By Holly Tucker
Wonders and Marvels has been a little quiet this past week. But life has actually been not quiet at all!
I just returned from a whirlwind research trip to Paris. Mission: to delve into the mysteries of a stash of 400 year-old documents in the archives of the French Academy of Sciences. The picture above will you a sense of why I left the library with more than a little dust on me.
My archival sleuth work will figure prominently in the book that I'm finishing up. So stay tuned!
In the meantime, a few highlights:
Over the course of just of few days, I dug gently around in cartons and cartons of manuscripts and corrected page proofs from the 17th century.
I stood awkwardly in front of an equally old building in the busy Marais quarter, waiting for someone to let me in. I wanted desperately to have a chance to where one of my historical guys lived, and did some of the crazy experiments I describe in the book. I lucked out when a mail person showed up. And lost my pride once again as I begged and pleaded to have a look around. (It worked!)

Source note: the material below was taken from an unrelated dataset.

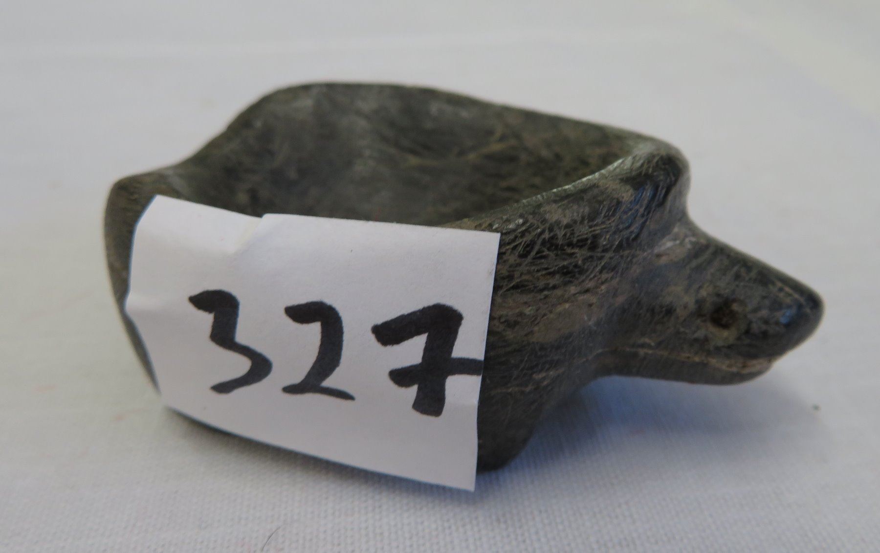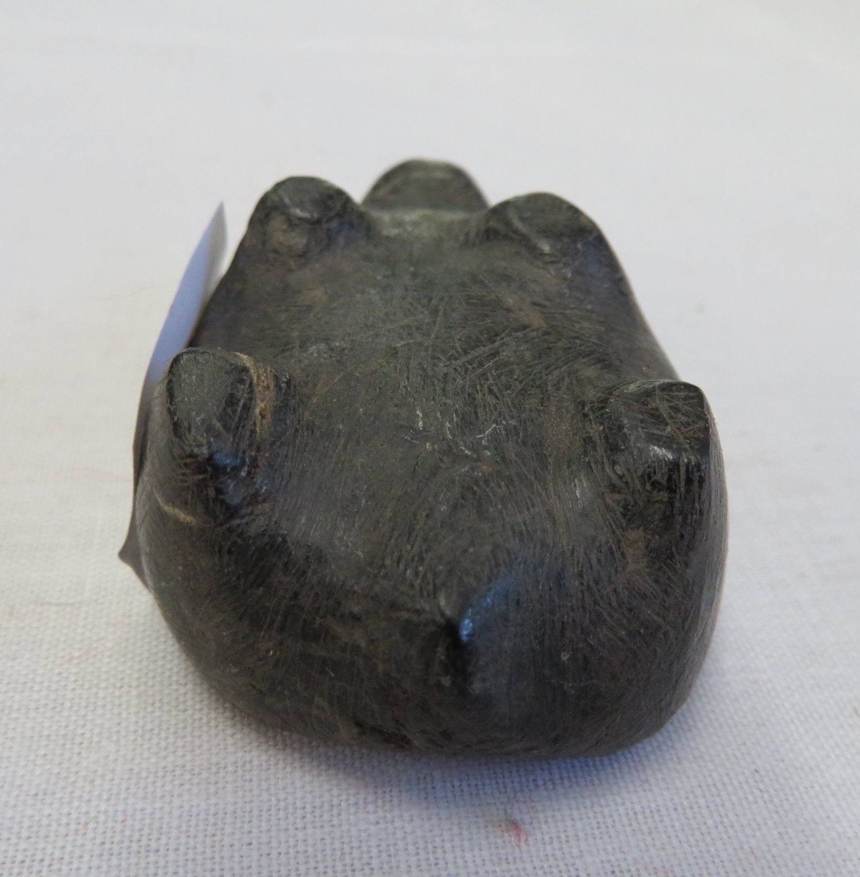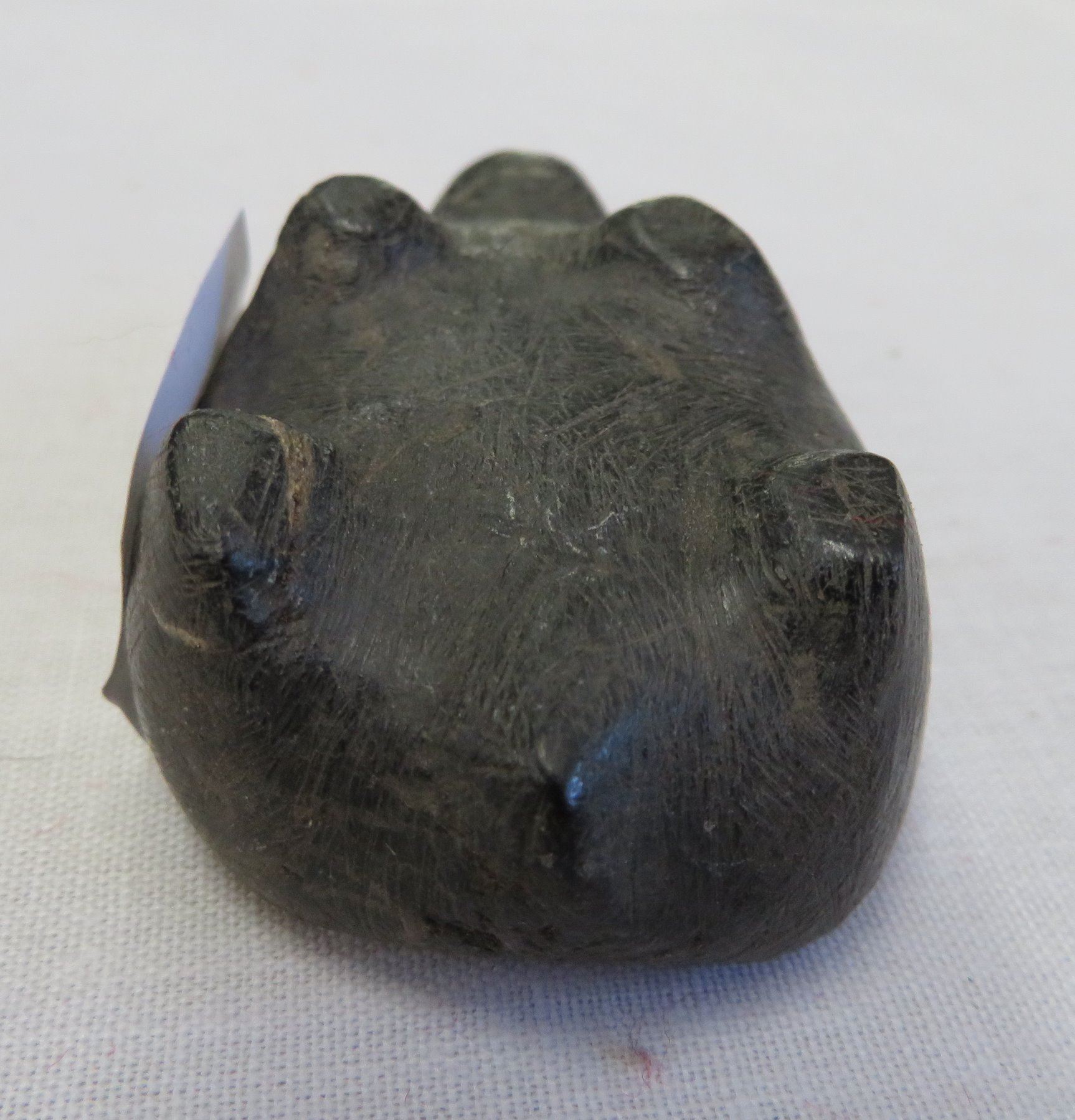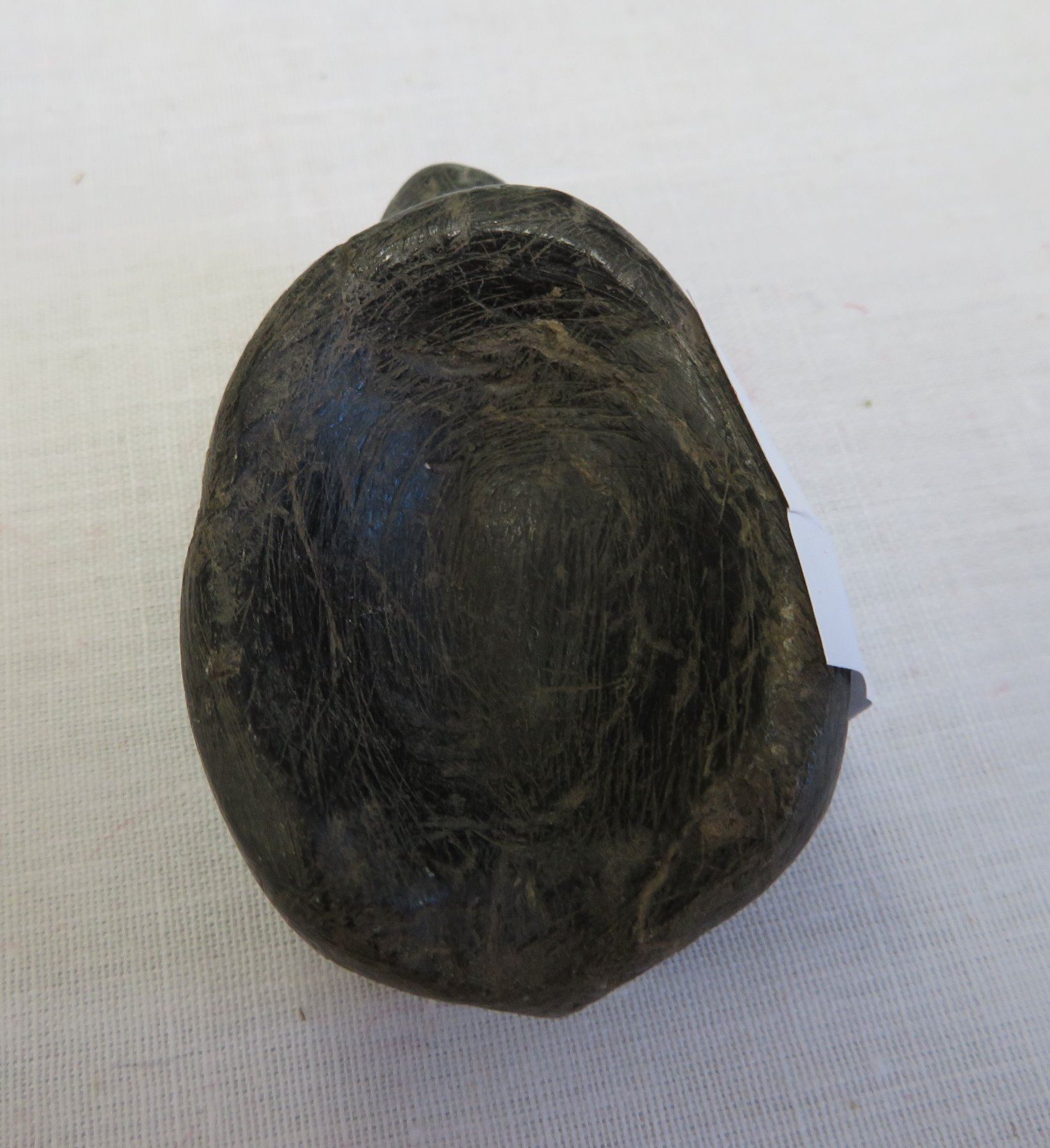 Chumash Effigy Turtle Bowl, pre-historic item. Made of steatite, the item measures 2 1/2" x 1 1/2" x 3/4". Santa Barbara County, California. Condition: As found, see images. Shipping: $16.50 w/insurance and signature, due to value.

I visited the Paris Observatory, which was built by another fascinating historical figure that I bring back to life in the book. And then, what the heck, I sat quietly in an anatomical amphitheatre in the heart of the Latin Quarter.
My French surgeons learned their craft in these two-storied dissection halls. I spent a good twenty minutes, sitting right in the very spot where the dissection table would have stood, soaking it all in.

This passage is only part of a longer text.